Cognitive hearing science and ease of language understanding.

机构信息

a Department of Behavioural Sciences and Learning , Linnaeus Centre HEAD, The Swedish Institute for Disability Research, Linköping University , Linköping , Sweden.

出版信息

Int J Audiol. 2019 May;58(5):247-261. doi: 10.1080/14992027.2018.1551631. Epub 2019 Feb 3.

Abstract

OBJECTIVE

The current update of the Ease of Language Understanding (ELU) model evaluates the predictive and postdictive aspects of speech understanding and communication.

DESIGN

The aspects scrutinised concern: (1) Signal distortion and working memory capacity (WMC), (2) WMC and early attention mechanisms, (3) WMC and use of phonological and semantic information, (4) hearing loss, WMC and long-term memory (LTM), (5) WMC and effort, and (6) the ELU model and sign language.
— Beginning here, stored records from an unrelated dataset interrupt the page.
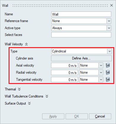 • A wall velocity type of Cylindrical sets boundary conditions on the axial, radial, and tangential components of the velocity in a cylindrical coordinate system. The Define Axis can be used to specify the axis of the cylinder.
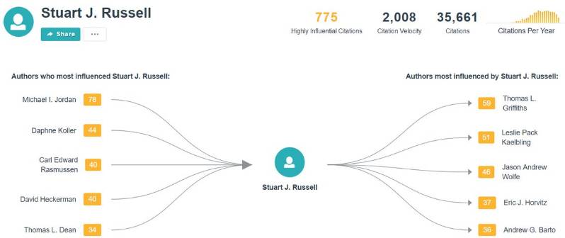 这张图是 Russell 在 Semantic Scholar 平台上的学术影响力评估,可以看到他有 775 的高影响力。下面机器之心将从 Russell 最具影响力的几篇论文和最新发表的几篇论文这两个方面梳理其学术成果。
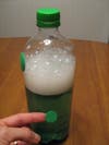 Shake to distribute the food coloring and activate the bubbles.
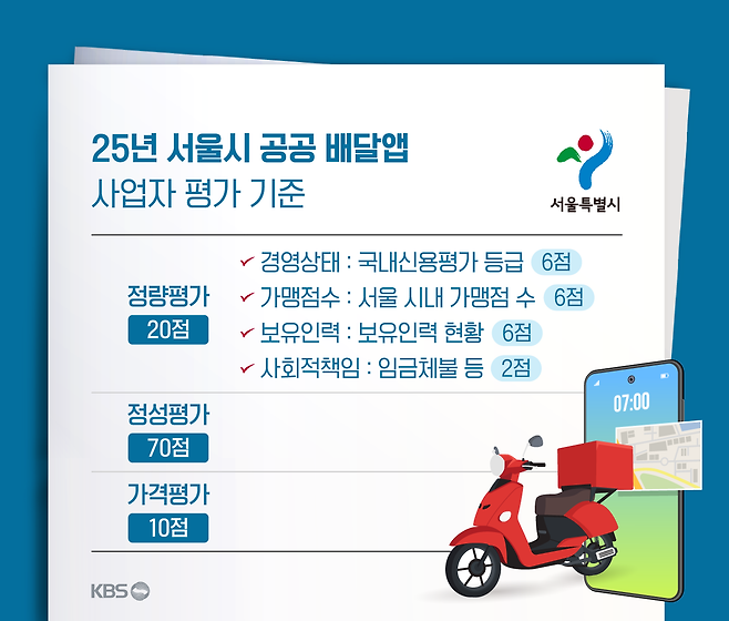 하지만, 이후 서울시가 공개한 '평가 기준'은 먹깨비 측을 좌절하게 했습니다. 평가 항목은 사실상 동일한 점수를 받는 '가격 평가(10점)'을 제외하면 '정량평가(20점)'와 '정성평가(70점)'로 구성됐습니다. 문제는 '정량평가'의 항목입니다. 국내 신용평가 등급을 기준으로 한 경영 상태, 서울시 내 가맹점 수, 보유 인력 현황 등이 주 내용이었습니다.
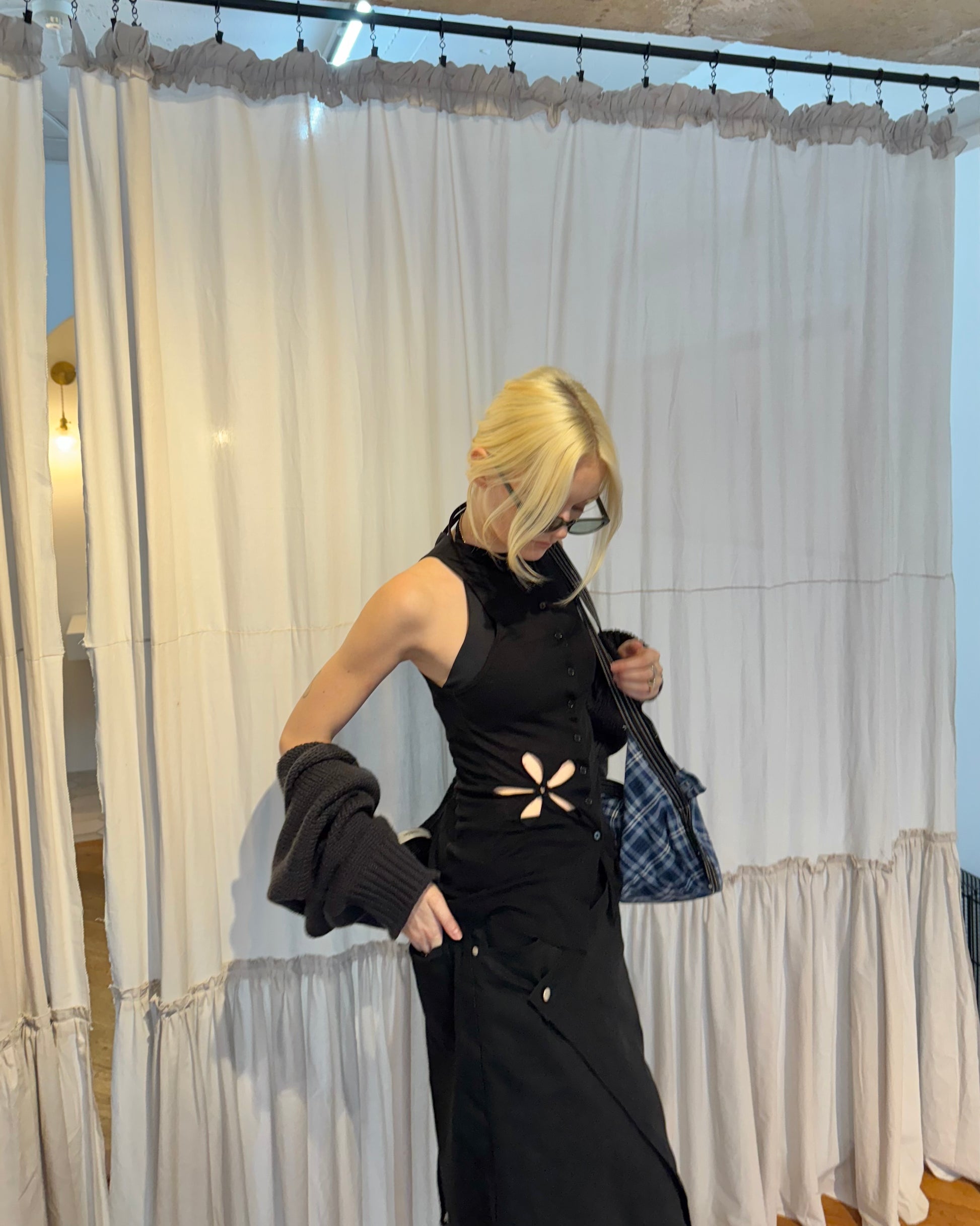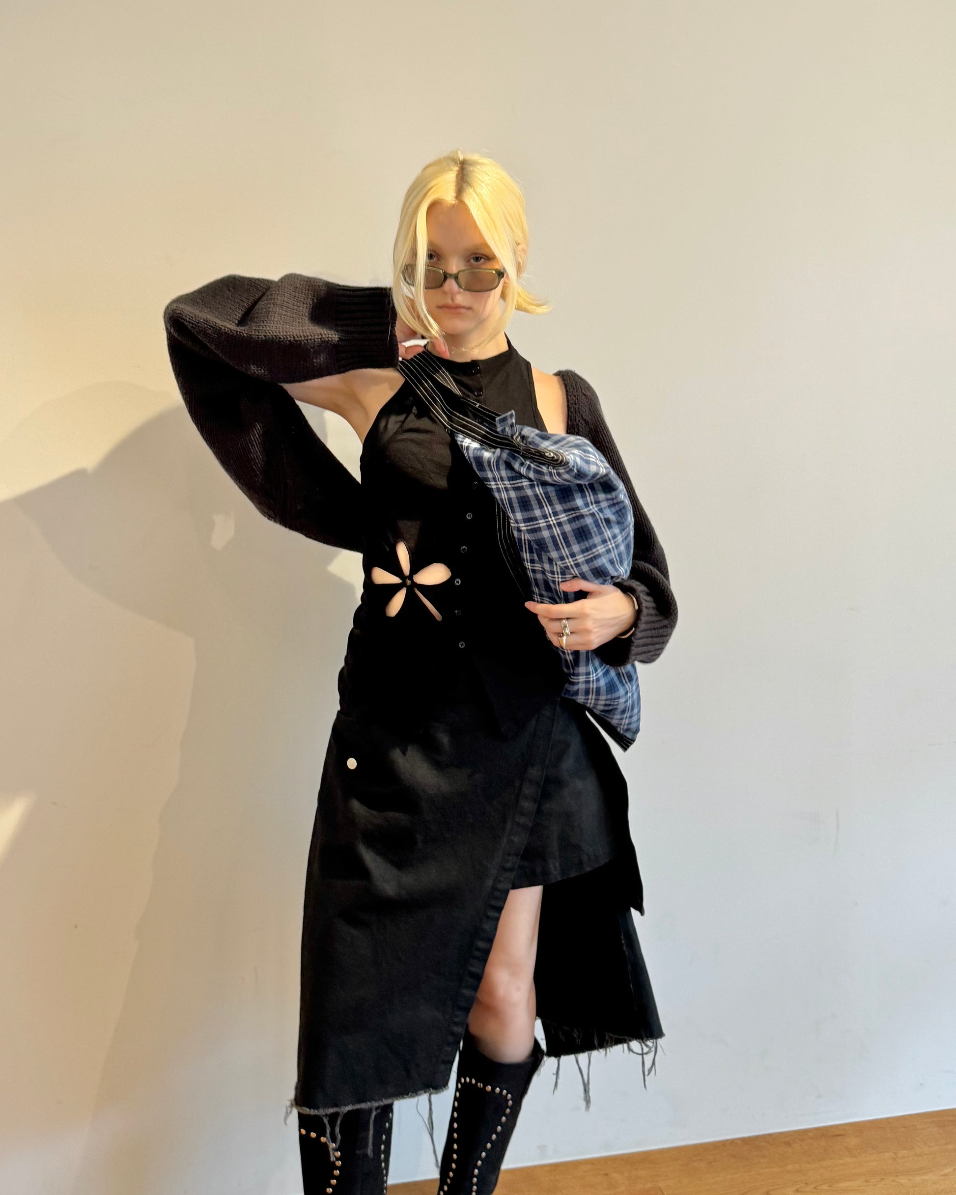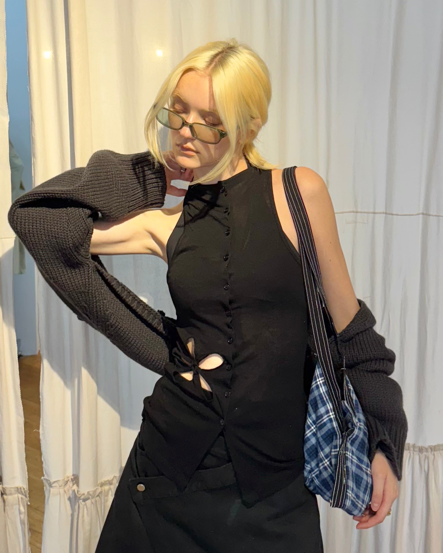 NYXUのアイコン"Full of holes"のフラワー型モチーフをタンクトップに落とし込んだデザイン。
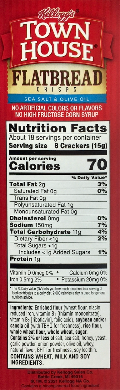 켈로그 Kellogg's 타운하우스 플랫 브래드 시솔트 & 올리브오일 크리스프 269g

Study Samples: Relevant literature based on own or others' data was used.

RESULTS

Expectations 1-4 are supported whereas 5-6 are constrained by conceptual issues and empirical data. Further strands of research were addressed, focussing on WMC and contextual use, and on WMC deployment in relation to hearing status. A wider discussion of task demands, concerning, for example, inference-making and priming, is also introduced and related to the overarching ELU functions of prediction and postdiction. Finally, some new concepts and models that have been inspired by the ELU-framework are presented and discussed.

CONCLUSIONS

The ELU model has been productive in generating empirical predictions/expectations, the majority of which have been confirmed. Nevertheless, new insights and boundary conditions need to be experimentally tested to further shape the model.

摘要

目的

当前对语言理解简易度(ELU)模型的更新评估了言语理解和交流的预测和后测方面。

设计

仔细审查的方面涉及:(1)信号失真和工作记忆容量(WMC),(2)WMC 和早期注意机制,(3)WMC 和语音及语义信息的使用,(4)听力损失、WMC 和长期记忆(LTM),(5)WMC 和努力,以及(6)ELU 模型和手语。

研究样本

使用了基于自身或他人数据的相关文献。

结果

期望 1-4 得到了支持,而期望 5-6 受到概念问题和经验数据的限制。进一步探讨了研究方向,重点关注 WMC 和上下文使用,以及 WMC 在听力状况方面的部署。还引入并讨论了关于推理和启动等任务需求的更广泛讨论,并与预测和后测的总体 ELU 功能相关。最后,提出并讨论了一些受 ELU 框架启发的新概念和模型。

结论

ELU 模型在产生经验预测/期望方面卓有成效,其中大多数已经得到证实。然而,需要通过实验测试来获得新的见解和边界条件,以进一步塑造该模型。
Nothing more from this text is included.